Microsoft could, in one week, acquire Serif (Affinity), Black Magic (Davinci
Resolve), Webflow, photopea.com, squarespace and have a day 1 full feature
competitor to Adobe Creative Cloud. Microsoft Creator 365.

Im kind of shocked they have moved into the marketing cloud sector against
Adobe, Salesforce and Oracle, but ignored creative tools while allowing
companies like Serif to reinvent themselves overnight.

------
meemoo
FYI: the information in this article is inaccurate. See the August 7th Forbes
article for the correct information:

* [https://www.forbes.com/sites/alexkonrad/2019/08/07/webflow-w...](https://www.forbes.com/sites/alexkonrad/2019/08/07/webflow-went-from-near-bankruptcy-to-72-million-series-a/)
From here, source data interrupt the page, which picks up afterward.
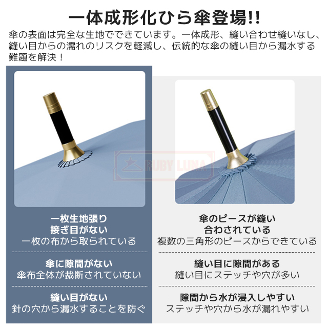 | 一体成形花びら傘登場 | ◆傘の表面は完全な生地でできています。 ◆一体成形、縫い合わせ縫いなし、縫い目からの濡れのリスクを軽減し、伝統的な傘の縫い目から漏水する難題を解決した。 |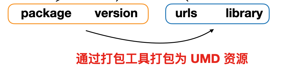 当我们点击打包构建时,我们会通过 package、version 等信息,将其打包成 UMD 资源,作为资产包中的 urls。
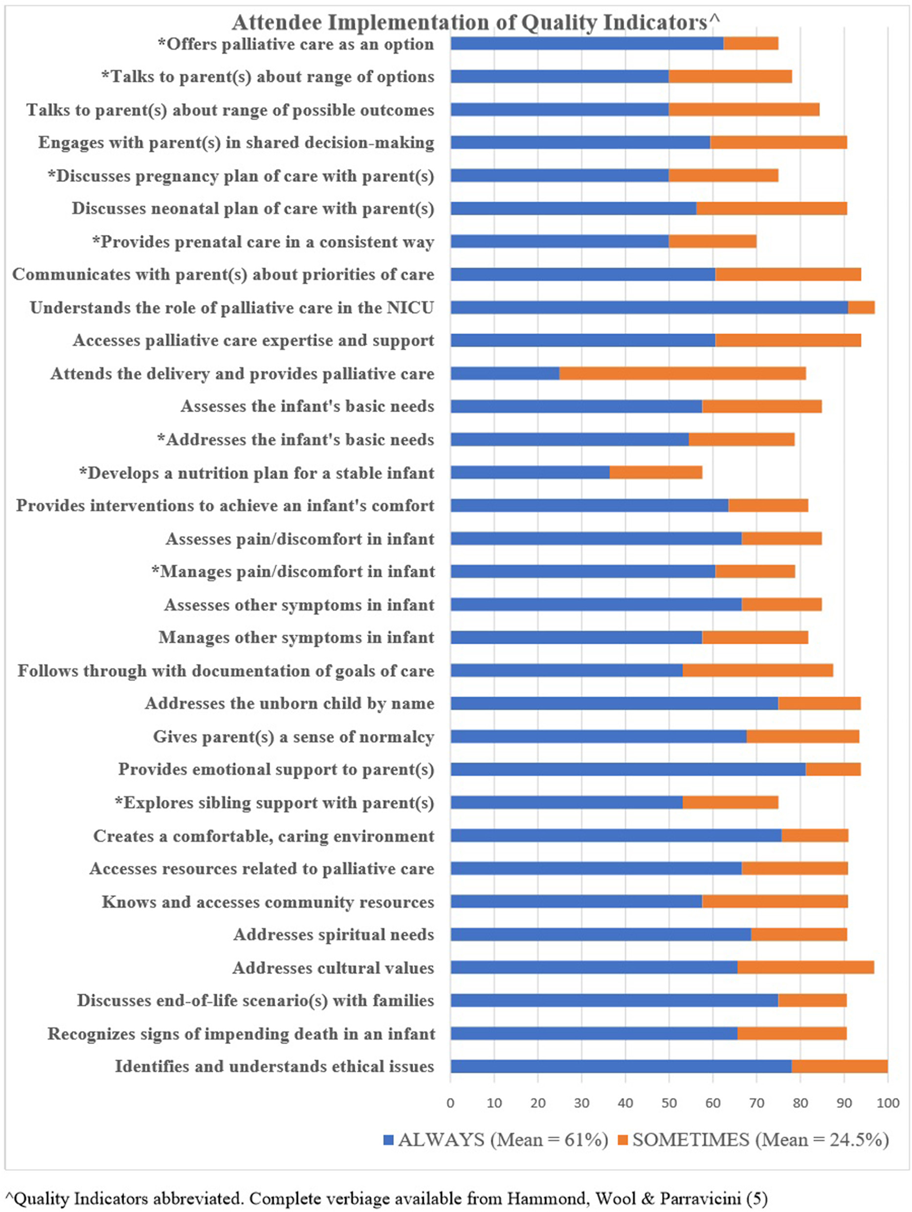 Frequency data from attendees' self-reported responses for “always” and “sometimes” for each QI is shown in Figure 2. When each QI total score was computed, 16 of the QIs were in the highest threshold of ≥ to 90%, 8 were in the 80–89.9% threshold, and 7 were in the 70–79.9% threshold. One QI, developing a nutrition plan for an infant with a life-limiting condition who is breathing and stable on room air, was below the 70th percentage threshold. All QIs below the 79.9% threshold are indicated with an asterisk on Figure 3. The mean average of total scores indicating an “always” response was 61.3%, and those indicating a “sometimes” response was 24.5%.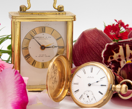 Our Timepieces Collection offers a wide range of watches and clocks, perfect for both fashion and functionality. From sophisticated brand name pieces and antique pocket watches, a beautiful collection of mantel clocks and carriage/travel clocks, to economical, beautiful, and unique watches for everyday wear. Each piece is designed to enhance your style and keep you on time. The collection is curated with an eye for design, quality, and artisanship to add a touch of elegance and precision to your life.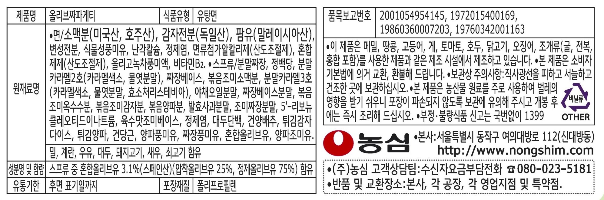 農心 原裝韓國版橄欖油炸醬麵140克x5包入

* [https://news.ycombinator.com/item?id=20636476](https://news.ycombinator.com/item?id=20636476)

------
StanAngeloff
We tried and used Webflow extensively in our company for about 2 years. It was
great for most tasks and we could get up and running fairly quickly. Sadly our
UI dev team never fell in love with it and slowly but surely Webflow faded to
the background. I noticed our subscription had run out a couple of months ago
and nobody had since complained. Brilliant piece of software, however if you
are someone who operates on the code level, never quite good enough.

------
humanbeinc
Webflow was definitely a gamechanger in terms of All-in-one CMS. It lacks a
thousand features, but the core value of the product is just too good:
Creating new pages in a few minutes (with reusing lots of components), hand it
over to the content team, you're done...

------
fillskills
Congrats! Used webflow for 2 yrs to launch my last startup. That was 4 years
ago. And now using it again for the next one. The CMS is new and what a
wonderful thing it is. Love the thought they put into releasing very polished
product. Great work!